I normalize each line item into this compact schema used throughout this post:

{"index": "", "model": "", "voltage": "", "spec": "", "unit": "", "num": ""}

json

1) Model & Setup#

Base model: Qwen3-4B-Instruct-2507 ↗
Hardware: RTX 4090, i9-14900K
Framwork: LLaMA-Factory ↗, Llama.cpp ↗
Approach: LoRA, GGUF (4-bit quant)

2) Data Processing & Formatting#

Source:

Thanks for my amazing collegues, I was provided by excel sheets that are already labelled in a great quality.

I do not publish any company data. All examples here are redacted; I only show a 5‑line preview screenshot for illustration. The full dataset is private.

Why only Excel in v1#

Although the company handles PDFs/images/Excels, this demo focuses on Excel quotes only. Future work: OCR pipeline → the same JSON schema.

序号	物料编码	货物（功能规格）描述	单位	数量	单价（元）	税率（%）	单价（元）	CX-型号	CX-电压	CX-规格	CX-单位	CX-数量
1	500135730	低压电力电缆,ERF,铜,300,1芯,ZC,无铠装,普通	千米	1	251885.1	13%	284630.16	ZC-ERF	0.6/1kV	1*300	m	1000
2	500109714	低压电力电缆,VV,铜,35/16,3+1芯,ZC,22,普通	千米	1	90639.79	13%	102422.96	ZC-VV22	0.6/1kV	335+116	m	1000
3	500109080	低压电力电缆,YJLV,铝,120,4芯,ZC,22,普通	千米	1	52033.58	13%	58797.95	ZC-YJLV22	0.6/1kV	4*120	m	1000
4	500132449	低压电力电缆,YJLV,铝,120,4芯,ZC,无铠装,普通	千米	1	44103.17	13%	49836.58	ZC-YJLV	0.6/1kV	4*120	m	1000
5	500015270	低压电力电缆,YJLV,铝,120,4芯,不阻燃,22,普通	千米	1	51573.13	13%	58277.64	YJLV22	0.6/1kV	4*120	m	1000

Processing & formatting:

As I use Llama-Factory as my fine-tuning framework, it is necessary to convert the dataset to a jsonl file in Alpaca format for supervised fine-tuning. A formal Alpaca json typically contain four components, which are instruction (prompt), input (context), output (desired response), and system (system prompt). For details, please refer to LLM dataset formats ↗ in Llama-Factory.

Here is the python script I wrote that helps me to process the datasets.

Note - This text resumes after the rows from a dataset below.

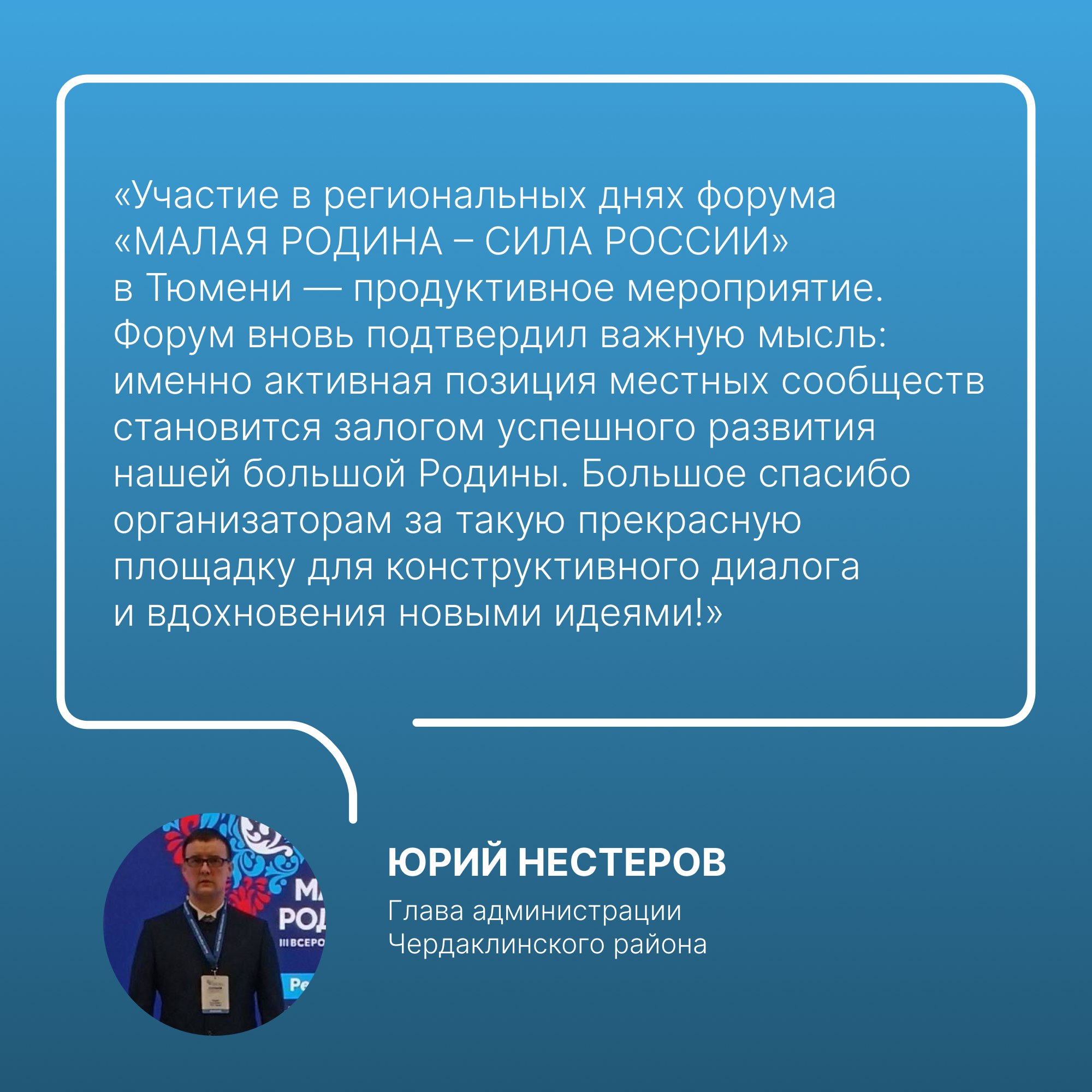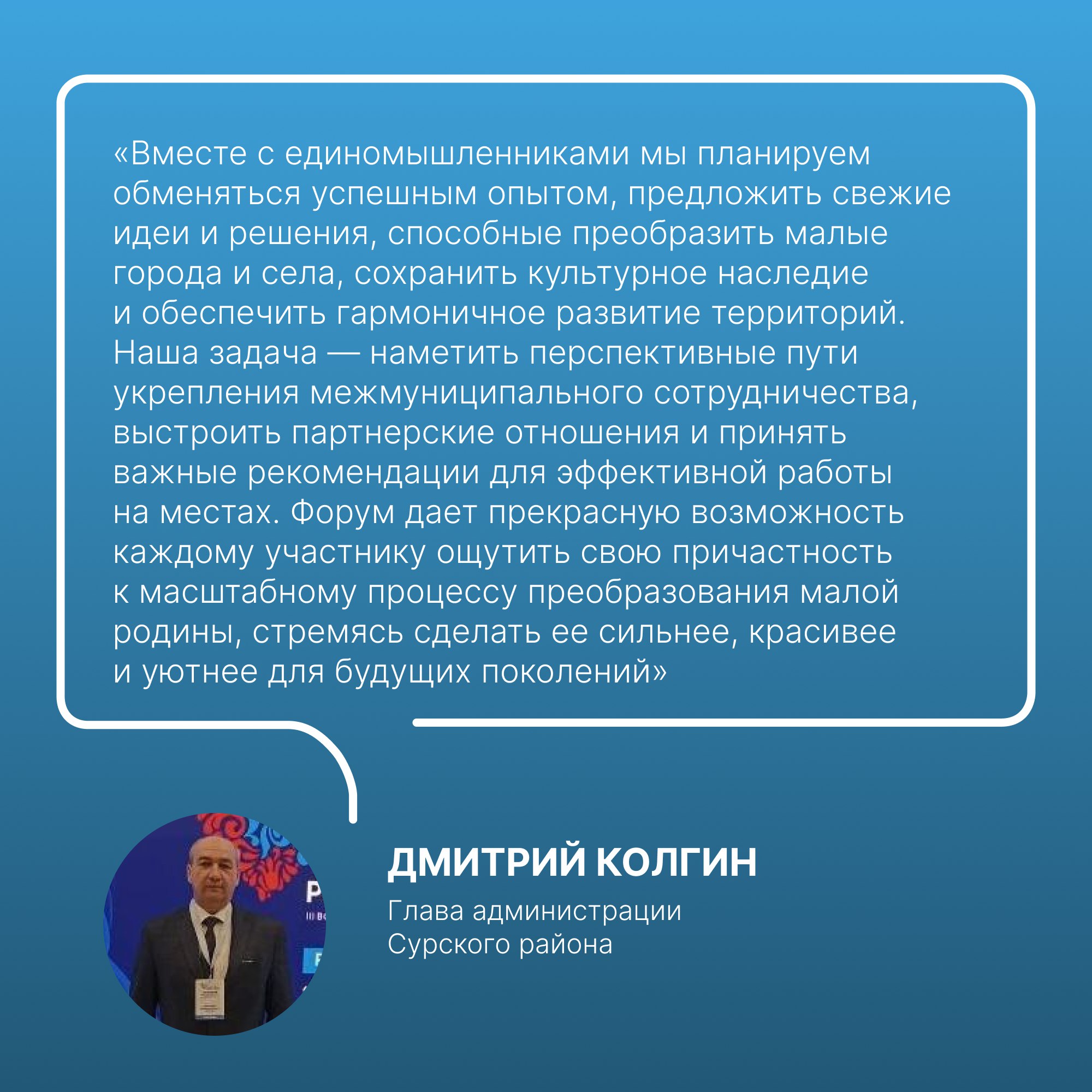 Мероприятие провела в Тюмени Всероссийская ассоциация развития местного самоуправления (ВАРМСУ), по поручению президента России. От Ульяновской области участвовали главы Сурского района Дмитрий Колгин и Чердаклинского района Юрий Нестеров.
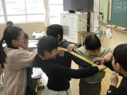 算数科の学習で、両手を広げた長さを予想して測ってみました。100cmを超える長さをどうしたら測れるのか、友達と話し合いながら工夫して測っていました。30cmものさしを直接あてる測り方では、正確には測れないということが分かり、明日は紙テープを使って測ってみようということになりました。「どのぐらいの長さなんやろう…」と明日の活動を楽しみにしている様子でした。
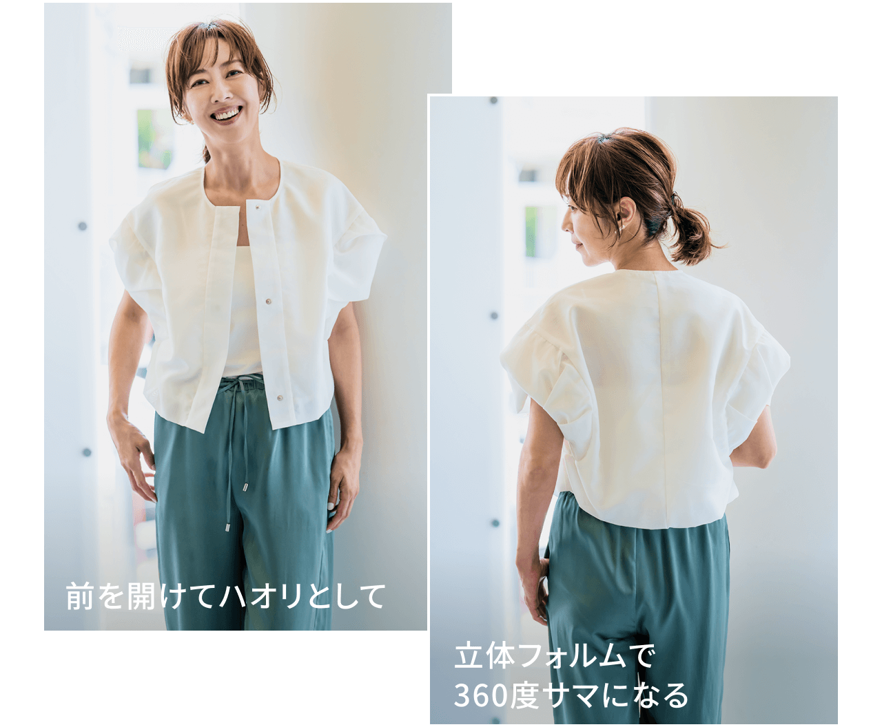 タンクトップなどにONするのはもちろん、ショート丈なのでワンピースやボトムスとも好バランス。秋へのスイッチアイテムとしても手元に置きたい一枚です。
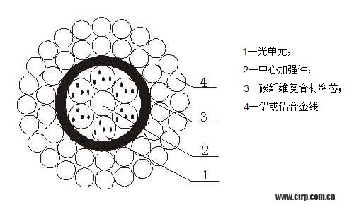 光纖復(fù)合架空地線(OPGW)是架空導(dǎo)線和光纖的復(fù)合體,具有傳輸電能和通信的雙重功能。隨著碳纖維復(fù)合材料在架空導(dǎo)線的應(yīng)用,光纖復(fù)合架空地線中使用碳纖維復(fù)合材料也將是指日可待的事情。由于碳纖維復(fù)合材料取代了鍍鋅鋼線或鋁包鋼線,這種新型的光纖復(fù)合架空地線也具有重量輕、強(qiáng)度高、低弛度、耐腐蝕、低線損的特點(diǎn)。碳纖維復(fù)合材料的優(yōu)勢(shì)突出體現(xiàn)它在大截面、大芯數(shù)的OPGW中的應(yīng)用。下面是這種使用新材料的OPGW的結(jié)構(gòu)圖。
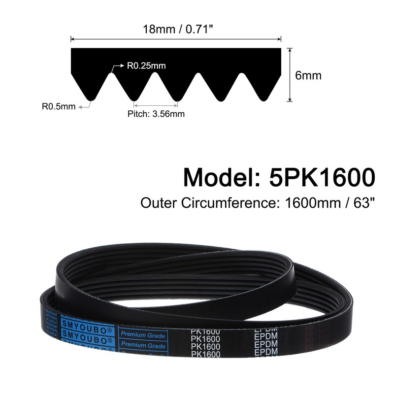 - Model: 5PK1600; outer circumference: 1600 mm (63 inches); width: 18 mm (0.71 inches); thickness: 5 mm (0.19 inches).

Click here to see the full script

import argparse, json, re
from pathlib import Path
import pandas as pd

DASH = r"[\-－—–]"  
MODEL_COLS   = [f"CX{DASH}型号",   "CX-型号"]
VOLT_COLS    = [f"CX{DASH}电压",   "CX-电压"]
SPEC_COLS    = [f"CX{DASH}规格",   "CX-规格"]
UNIT_COLS    = [f"CX{DASH}单位",   "CX-单位"]
NUM_COLS     = [f"CX{DASH}数量",   "CX-数量"]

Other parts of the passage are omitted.